Dataset for Unveiling Viral Escape Mechanisms with Machine Learning: A Transformative Approach to Mutation Analysis for SARS-CoV-2 and Beyond

Persistent viruses like influenza, HIV, Coronavirus exemplify the challenge of viral escape, significantly hindering the development of long-lasting vaccines and effective treatments.  This study leverages a Long Short-Term Memory (LSTM) based deep learning architecture to analyze an extensive dataset of over 3.1 million unique viral spike protein sequences, with SARS-CoV-2 serving as the primary example.

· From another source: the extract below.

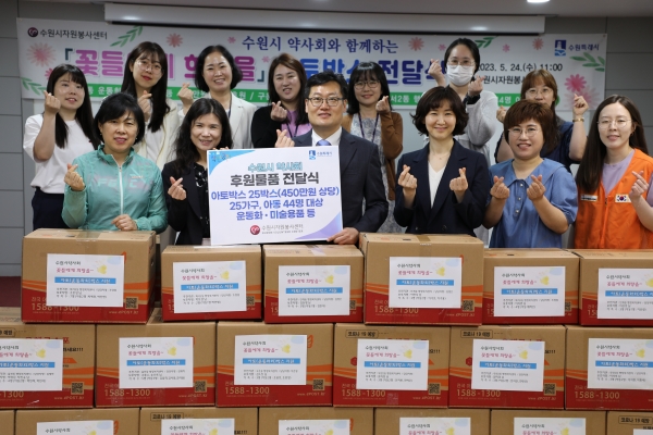 수원시약사회와 수원시자원봉사센터는 24일 자원봉사센터 4층 대강당에서 ‘꽃들에게 희망을’ 후원물품 전달식을 열고 구운동·우만2동·율천동·인계동·화서2동 행정복지센터에 각각 ‘아토박스’ 5박스를 전달했다.
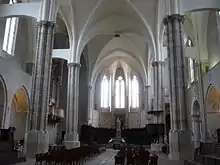 Interior towards apse with gothic tracery.

Our model, Escape Elite Network(EEN) outperforms existing methods in detecting escape mutations across diverse datasets. In computational (Validation) and wet lab (Baum and Greaney) datasets, EEN achieved AUC scores of 0.949, 0.868, and 0.762, respectively, each with p-values less than 1×10-5, demonstrating high statistical significance. Specifically, EEN significantly outperformed the competitor models NPVE and SEN across all datasets. For the Greaney dataset, EEN achieved a 19.2% improvement over NPVE and a 5.7% improvement over SEN. Similarly, for the Baum dataset, EEN showed a 1.8% improvement over NPVE and a 12.8% improvement over SEN. This tool proactively predicts viral escape mutations, guiding the development of more effective vaccines and therapeutics. It identifies high-risk mutations before experimental validation, offering advantages in combating SARS-CoV-2 and potentially other viruses like HIV, Influenza, and African Swine Fever, with broad applications in virology and epidemiology.